* YOUR TASK
Using the records below, copy exactly the part that opens with the line holding "第四步:在异次元空间中,点击挑战。然后在选择挑战声势" and closes with the line holding "据新京报报道,国务院新闻办公", minus the pictures.

* MATERIAL PROVIDED
§
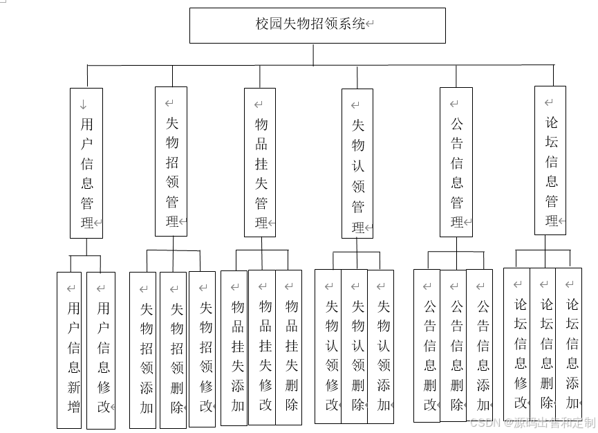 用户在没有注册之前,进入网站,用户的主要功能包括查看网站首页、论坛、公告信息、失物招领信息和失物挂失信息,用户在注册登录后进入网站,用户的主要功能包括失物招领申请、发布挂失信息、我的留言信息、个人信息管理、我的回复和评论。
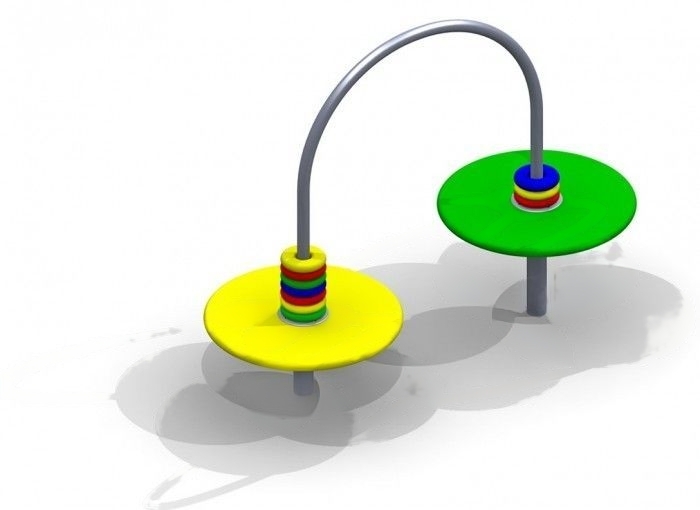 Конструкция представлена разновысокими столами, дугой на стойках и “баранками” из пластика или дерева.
§
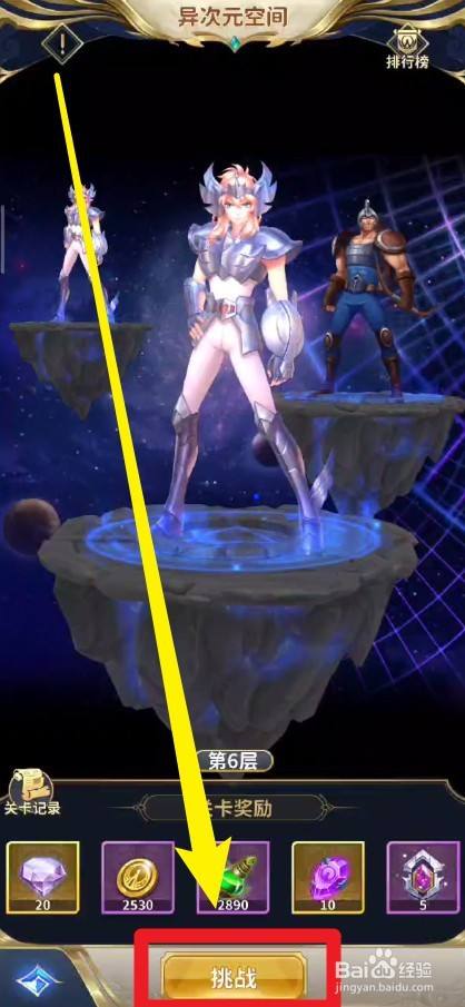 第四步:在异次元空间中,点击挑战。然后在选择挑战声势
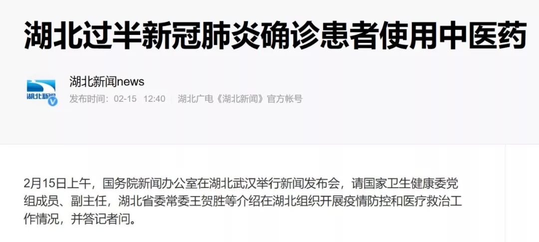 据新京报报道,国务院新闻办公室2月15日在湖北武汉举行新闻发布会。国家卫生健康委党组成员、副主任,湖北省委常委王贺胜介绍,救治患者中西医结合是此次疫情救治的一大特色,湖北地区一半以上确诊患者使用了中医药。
§
* PROBLEM SOLUTION
 第四步:在异次元空间中,点击挑战。然后在选择挑战声势
 据新京报报道,国务院新闻办公室2月15日在湖北武汉举行新闻发布会。国家卫生健康委党组成员、副主任,湖北省委常委王贺胜介绍,救治患者中西医结合是此次疫情救治的一大特色,湖北地区一半以上确诊患者使用了中医药。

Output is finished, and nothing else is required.